We are pleased to announce the revival of a connector that makes it possible for Flink to interact with Apache Kudu. The original connector existed as part of the Apache Bahir project, which was moved into the attic. Despite this, we saw interest to keep the Kudu connector updated, hence the community agreed to externalize it as a standalone connector in accordance with the current connector development model. For more information about the externalization process, see FLIP-439.

Highlights #

  • The connector is built on the already existing Apache Bahir code.
  • The existing DataStream connector is updated to Sink V2 API.
  • New DataStream Source API connector implementation.
  • The Table API source and sink connectors are now using the new Schema stack.
  • The first released connector version is 2.0.0, and it supports Flink 1.19, and 1.20.

DataStream Source API #

The Source API implementation is a net new addition to the externalized connector, and it brings some interesting features. Although Kudu itself is a bounded source, the Kudu Source implementation supports to configure boundedness, and can run in CONTINUOUS_UNBOUNDED mode. In CONTINUOUS_UNBOUNDED mode, the source operates similarly to a Change Data Capture (CDC) system. When the job starts, it takes a snapshot of the source table and records the snapshot timestamp. After that, it performs periodic differential scans, capturing only the changes that occurred since the last scan. The frequency of these scans is determined by the .setDiscoveryPeriod(Duration) setting. The following example demonstrates how to stream data from a Kudu table, capturing updates every one minute.

KuduSource<Row> source =
        KuduSource.<Row>builder()
                .setTableInfo(...)
                .setReaderConfig(...)
                .setRowResultConverter(new RowResultRowConverter())
                .setBoundedness(Boundedness.CONTINUOUS_UNBOUNDED)
                .setDiscoveryPeriod(Duration.ofMinutes(1))
                .build();

For more details and examples, see the DataStream connector documentation

Table API Catalog #

The connector includes a catalog implementation designed to manage metadata for your Kudu setup and facilitate table operations. With the Kudu catalog, you can access all existing Kudu tables directly through Flink SQL queries. Such catalog can be defined in Flink SQL, as part of the Java application, or via a YAML catalog descriptor as well. The below example shows a minimal example in Filnk SQL.

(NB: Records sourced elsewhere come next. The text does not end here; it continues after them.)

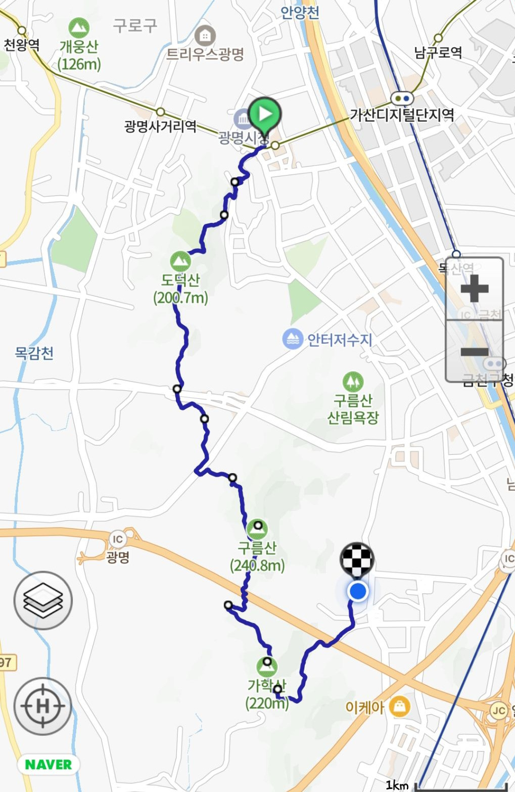 "광명 도덕산+구름산+가학산을 언제 다녀왔던가?"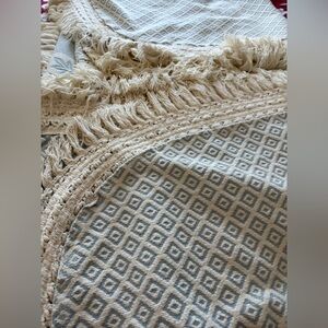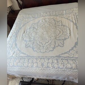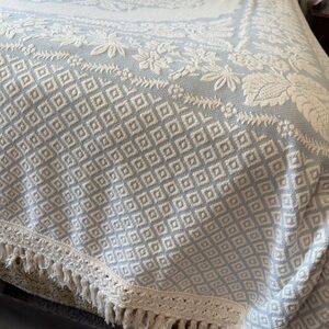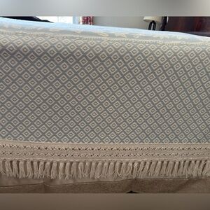 COTTON WOVEN KING BLUE CREAM 6” FRINGE MEDALLION BEDSPREAD 115x115”
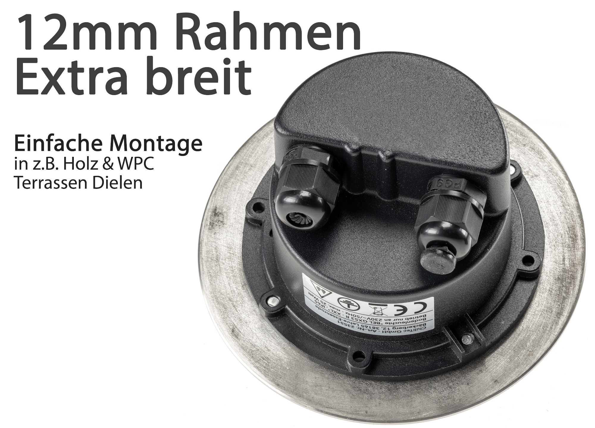 Kompakte Bodenleuchte BEL XXL ØxT 14x7cm für GX53 Leuchtmittel, incl. extrabreiter Rahmen. Bodeneinbauleuchte 23551 ist rund und mit IP65 Schutzart.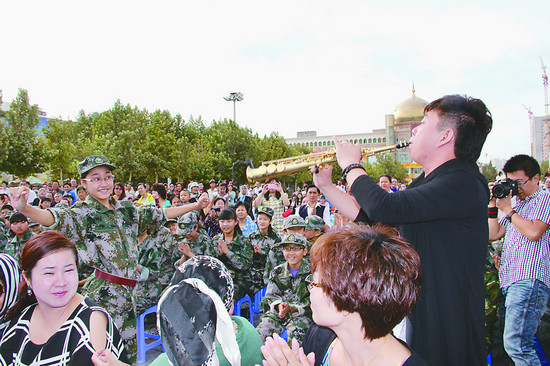 “好看!”“太棒了!”演员们卖力的演出也赢得了观众毫不吝惜的溢美和夸奖。“此次演出是对我们极大的鼓舞,比给我们100万元现金都有意义,比上100场政治教育课都有效”,某驻和武警部队政委王克红对演出给予了高度评价,他说这种精神财富更为宝贵;小战士赵飞不停地鼓掌,他说上一次看演出还是几年前,这次听说首都文艺家要来,他高兴得好几天没睡好觉,“估计晚上又要失眠了,因为节目太精彩,兴奋极了”;14岁的维吾尔族男孩依尔安江看着节目乐坏了,他坐在椅子上跟着动感的节奏不停地晃动着,时而大笑,时而伴着旋律哼唱,“口技小鸟的叫声学得太像了,变脸太神奇了,离我很近,一眨眼就变了副脸孔……”;为支援和田建设来此两年多的曹磊脸上挂满笑容,“看到了来自家乡的演出感觉亲切极了”,他说熟悉而又温暖的乡音更加振奋了他们做好工作的信心;红其拉甫边防口岸哨所的战士小曹很激动,因为他不仅看到了精彩的演出,还从魔术师李学义那里学会了一招魔术,并且得到了一套魔术道具,小曹憨厚地笑着说:“以后可以在休息时给战友们变魔术了,没想到我也成魔术师了”……
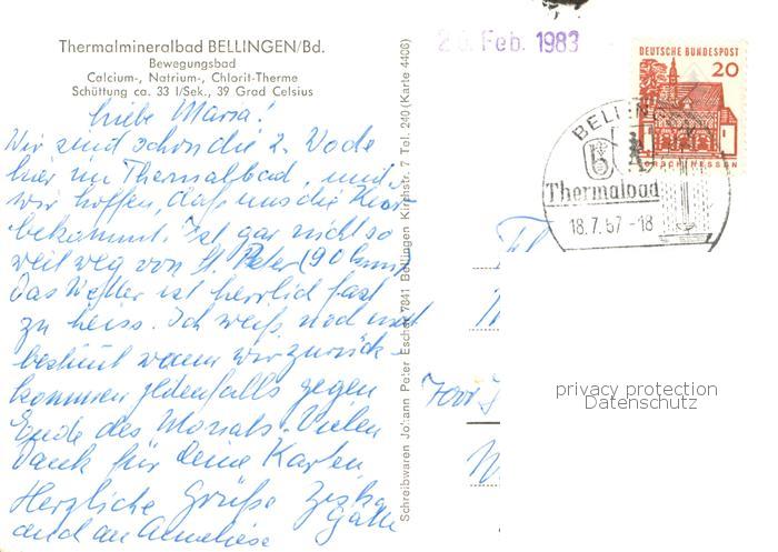 73764212 alte Postkarte Bad Bellingen Thermalmineralbad Bewegungsbad postalisch gelaufen Erhaltung siehe scans [LiesaD40] KatCode: 11110008336006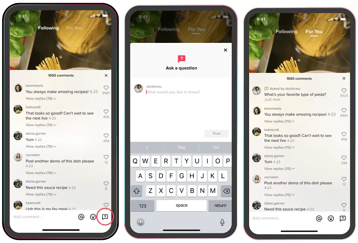 TikTok möchte mit der offiziellen Einführung der neuen Q&A Funktion mehr Interaktionen zwischen den Creators und ihren Fans erzeugen. Diese Funktion ermöglicht es den Usern, Fragen zu stellen, die dann innerhalb von Live-Broadcasts oder in zukünftigen Videoclips beantwortet werden können. Wir stellen Ihnen die neue Funktion vor: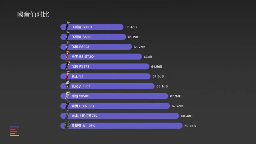 我们按照国标的方法测定了各家的噪音水平。结果不出所料,旋转式整体噪音值低于往复式,其中表现最优秀的就是飞利浦 9 系。它的噪音水平在数值上看并没有比其他产品好太多,但是我们试用时,觉得它声音质量优势还是挺明显的。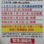 2025.12.25 お知らせ たかはししのえ 年末年始のお知らせ 「年末年始のお知らせ」 年末年始の営業については、下記の通りになりなす。 12月30日(火)年内最終通常営業 9時~18時 12月31日(水)年末休業 令和8年1月1日(木)元日休業 1月2日(金)休業 1月3日(土)休業 1月4日(日)9時~17時 初売り営業開始 ※発熱・体調不良の方は、当番医までお問い合わせください。 大変ご迷惑をおかけいたしますが、よろしくおねがいいたします。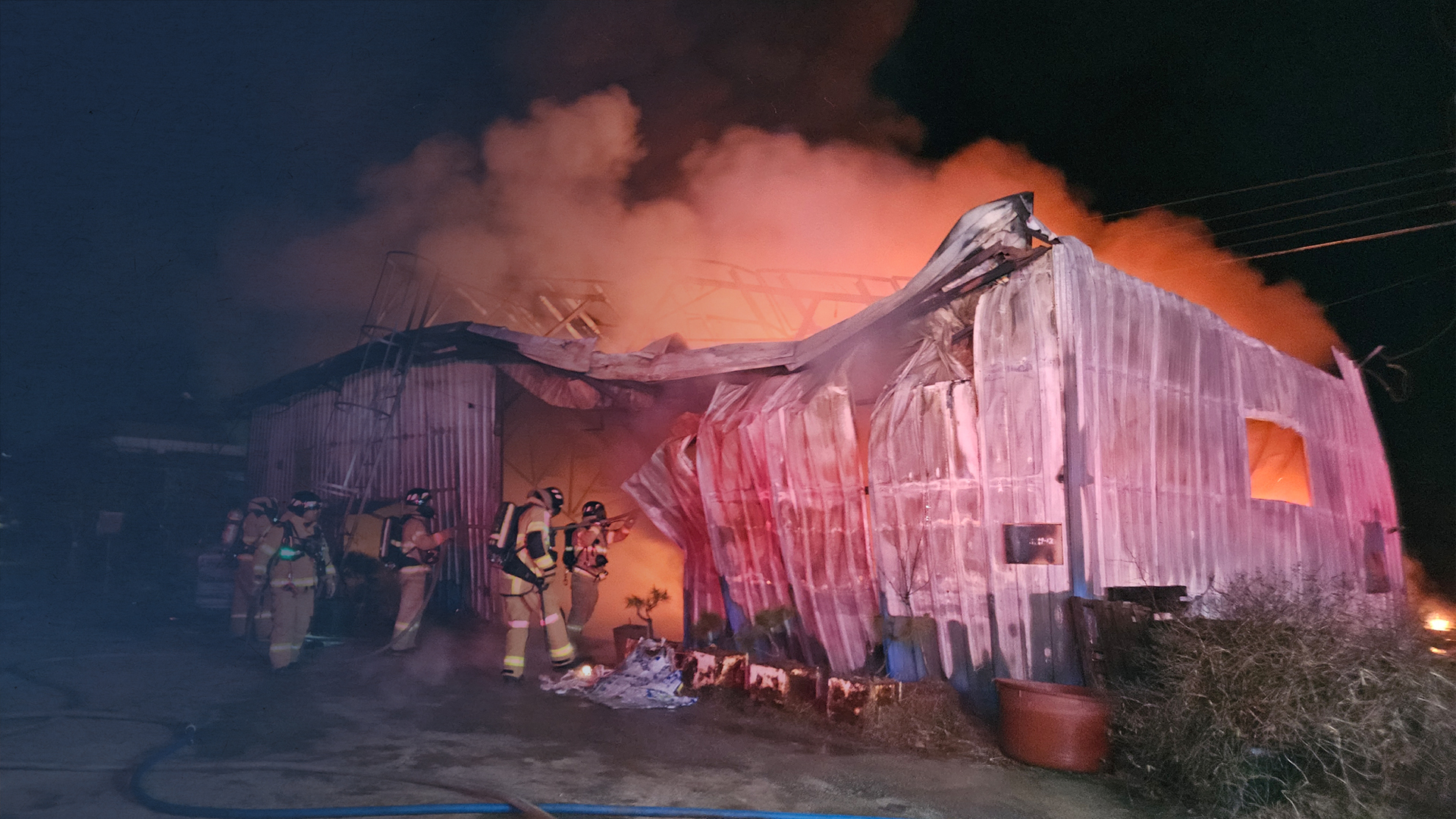어제(26) 저녁 7시 50분쯤 완주 이서면의 한 농자재 보관 창고에서 화재가 발생해 자체 진화를 시도하던 50대 남성이 다치고 2,500만 원 상당의 재산 피해가 발생했습니다.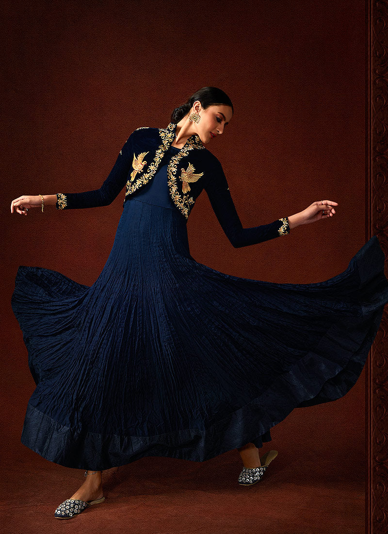 Blue Designer Anarkali Gown Suit is designed for festive occasion or wedding parties. This set features intricate floral embroidery work with zari, thread and stone detail on its velvet jacket style satin anarkali gown paired with silk bottom and chiffon dupatta. This designer attire will surely fetch you compliments for you glamorous sense of style. Team it up with golden jewellery and fancy clutch to look mesmerising.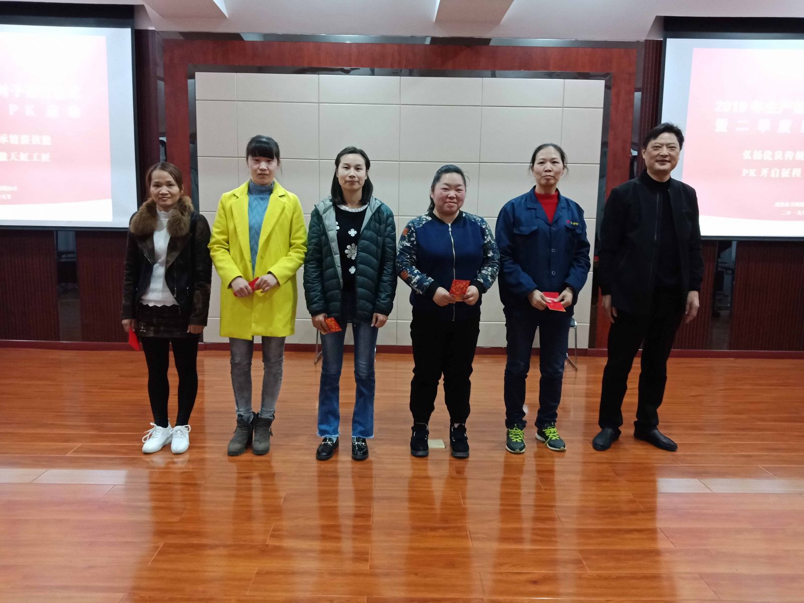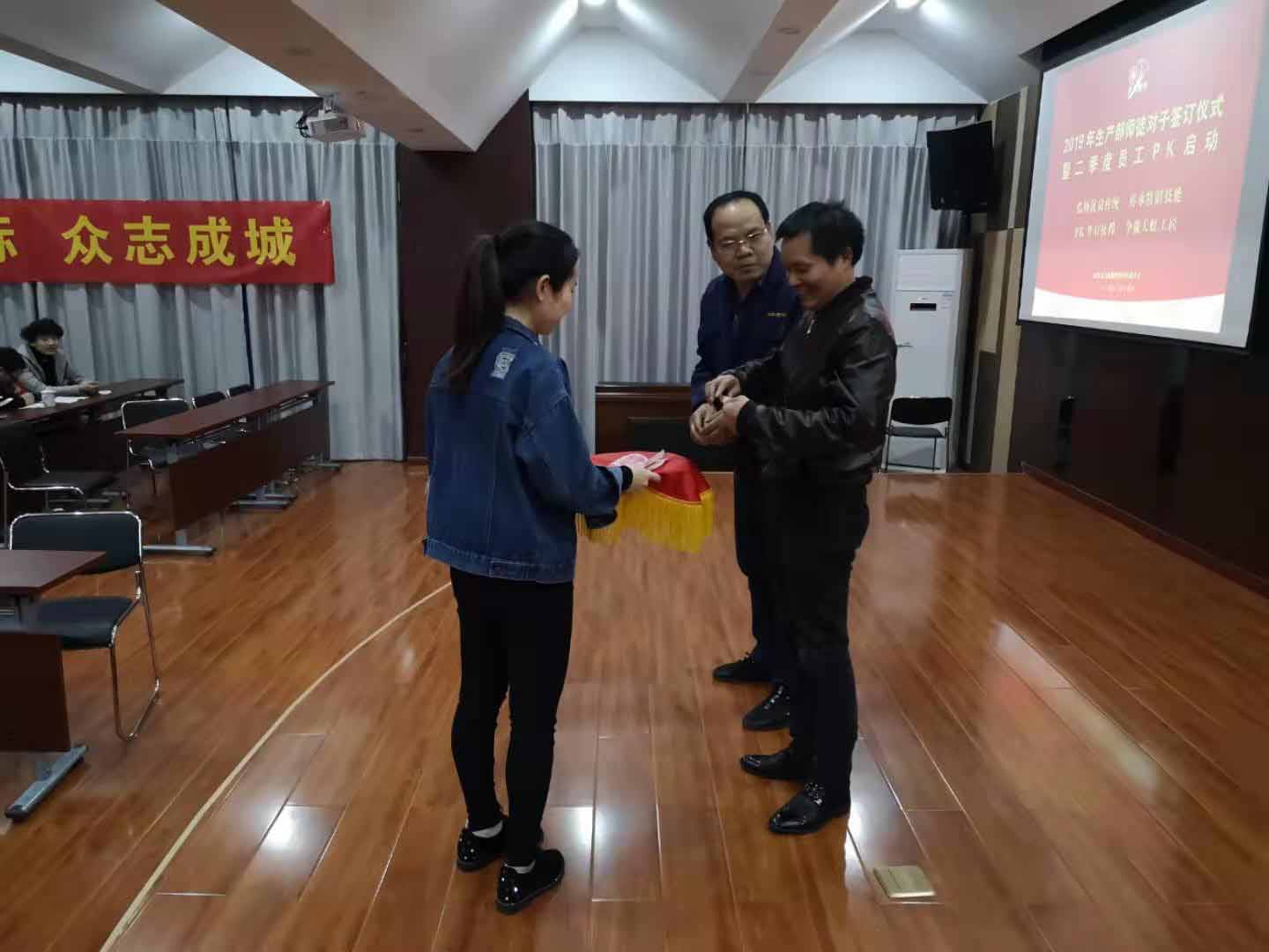 拜師的香茶仍溫,莊嚴(yán)的承諾余音繞梁,主持人緊接著又宣布2018年第四季度員工PK兌現(xiàn)和2019年第二季度員工PK啟動(dòng)。員工PK是自2018年第四季度開始舉辦,旨在將產(chǎn)品品質(zhì)、產(chǎn)出率、節(jié)能降耗等生產(chǎn)目標(biāo)通過員工間、班組間進(jìn)行PK的形式進(jìn)行提升和達(dá)成。

CREATE CATALOG my_kudu_catalog WITH(
    'type' = 'kudu',
    'masters' = 'localhost:7051',
    'default-database' = 'default_database'
);

USE CATALOG my_kudu_catalog;

For other Table API related topics and examples, see the Table API connector documentation

Release Notes #

Sub-task #

  • [FLINK-34929] - Create “flink-connector-kudu” repository
  • [FLINK-34930] - Move existing Kudu connector code from Bahir repo to dedicated repo
  • [FLINK-34931] - Update Kudu DataStream connector to use Sink V2
  • [FLINK-35114] - Remove old Table API implementations, update Schema stack
  • [FLINK-35350] - Add documentation for Kudu connector
  • [FLINK-37389] - Add “flink-sql-connector-kudu” module

New Feature #

  • [FLINK-36855] - Implement Source API in Kudu connector
  • [FLINK-37527] - Add KuduSource documentation
  • [FLINK-37664] - Integrate Kudu connector docs

Improvement #

  • [FLINK-36839] - Update Kudu version to 1.17.1
  • [FLINK-37190] - Make Kudu FlushMode configurable in Flink SQL
  • [FLINK-37230] - Consolidate Kudu connector table options
  • [FLINK-37237] - Improve Kudu table creation based on Flink SQL CREATE TABLE

List of Contributors #

Ferenc Csaky, Martijn Visser, Marton Greber